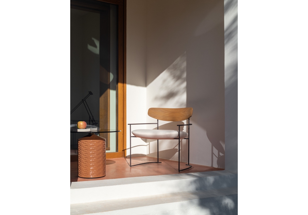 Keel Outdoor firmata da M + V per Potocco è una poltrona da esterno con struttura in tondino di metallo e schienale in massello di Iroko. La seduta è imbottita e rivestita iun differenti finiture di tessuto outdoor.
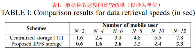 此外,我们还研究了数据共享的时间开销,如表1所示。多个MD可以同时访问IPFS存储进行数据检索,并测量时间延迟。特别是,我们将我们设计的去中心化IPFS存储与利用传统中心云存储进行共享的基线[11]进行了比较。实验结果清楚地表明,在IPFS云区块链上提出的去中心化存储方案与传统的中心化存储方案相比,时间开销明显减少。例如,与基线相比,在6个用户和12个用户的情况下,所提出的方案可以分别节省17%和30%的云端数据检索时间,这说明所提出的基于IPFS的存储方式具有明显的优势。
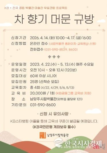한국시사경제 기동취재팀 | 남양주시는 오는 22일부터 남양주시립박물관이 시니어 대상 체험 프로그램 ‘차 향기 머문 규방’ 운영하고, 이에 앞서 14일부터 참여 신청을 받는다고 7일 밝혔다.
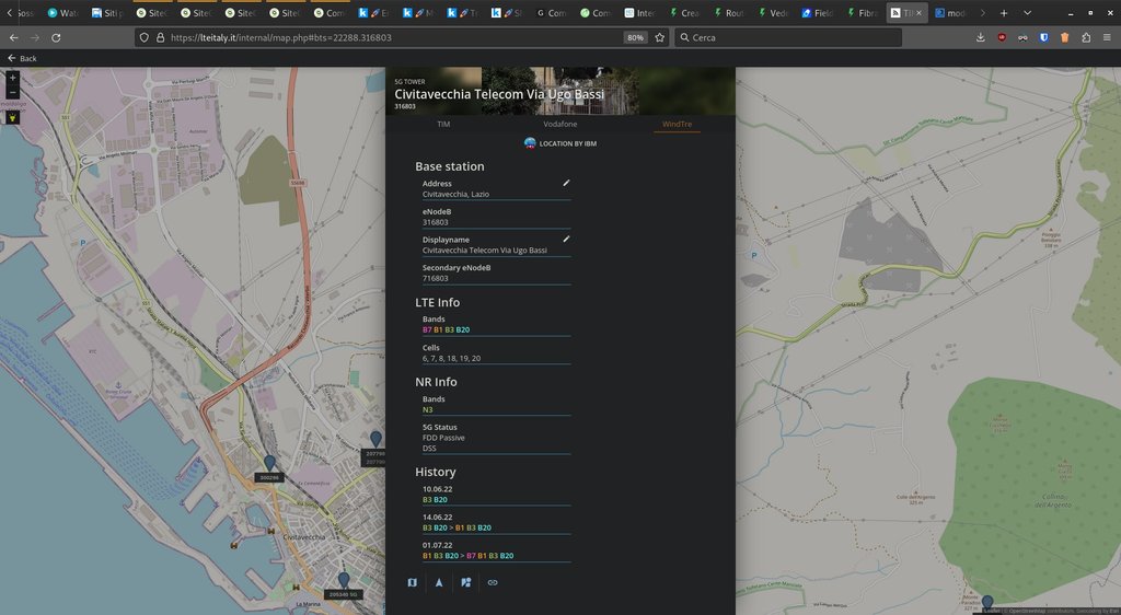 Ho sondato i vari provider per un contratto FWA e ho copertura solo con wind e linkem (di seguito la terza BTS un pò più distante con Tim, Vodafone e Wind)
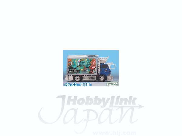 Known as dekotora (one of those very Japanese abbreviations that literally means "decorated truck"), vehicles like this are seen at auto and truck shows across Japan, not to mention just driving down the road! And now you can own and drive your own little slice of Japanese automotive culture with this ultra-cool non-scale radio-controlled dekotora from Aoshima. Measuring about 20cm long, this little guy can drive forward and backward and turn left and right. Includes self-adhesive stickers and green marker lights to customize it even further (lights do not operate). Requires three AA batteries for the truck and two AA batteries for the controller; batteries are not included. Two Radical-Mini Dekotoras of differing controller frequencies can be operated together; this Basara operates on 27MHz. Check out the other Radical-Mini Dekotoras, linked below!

## What you will do
Output the full listing verbatim; pictures stay out.

## Answer to this task
 Keel Outdoor firmata da M + V per Potocco è una poltrona da esterno con struttura in tondino di metallo e schienale in massello di Iroko. La seduta è imbottita e rivestita iun differenti finiture di tessuto outdoor.
 此外,我们还研究了数据共享的时间开销,如表1所示。多个MD可以同时访问IPFS存储进行数据检索,并测量时间延迟。特别是,我们将我们设计的去中心化IPFS存储与利用传统中心云存储进行共享的基线[11]进行了比较。实验结果清楚地表明,在IPFS云区块链上提出的去中心化存储方案与传统的中心化存储方案相比,时间开销明显减少。例如,与基线相比,在6个用户和12个用户的情况下,所提出的方案可以分别节省17%和30%的云端数据检索时间,这说明所提出的基于IPFS的存储方式具有明显的优势。
한국시사경제 기동취재팀 | 남양주시는 오는 22일부터 남양주시립박물관이 시니어 대상 체험 프로그램 ‘차 향기 머문 규방’ 운영하고, 이에 앞서 14일부터 참여 신청을 받는다고 7일 밝혔다.
 Ho sondato i vari provider per un contratto FWA e ho copertura solo con wind e linkem (di seguito la terza BTS un pò più distante con Tim, Vodafone e Wind)
 Known as dekotora (one of those very Japanese abbreviations that literally means "decorated truck"), vehicles like this are seen at auto and truck shows across Japan, not to mention just driving down the road! And now you can own and drive your own little slice of Japanese automotive culture with this ultra-cool non-scale radio-controlled dekotora from Aoshima. Measuring about 20cm long, this little guy can drive forward and backward and turn left and right. Includes self-adhesive stickers and green marker lights to customize it even further (lights do not operate). Requires three AA batteries for the truck and two AA batteries for the controller; batteries are not included. Two Radical-Mini Dekotoras of differing controller frequencies can be operated together; this Basara operates on 27MHz. Check out the other Radical-Mini Dekotoras, linked below!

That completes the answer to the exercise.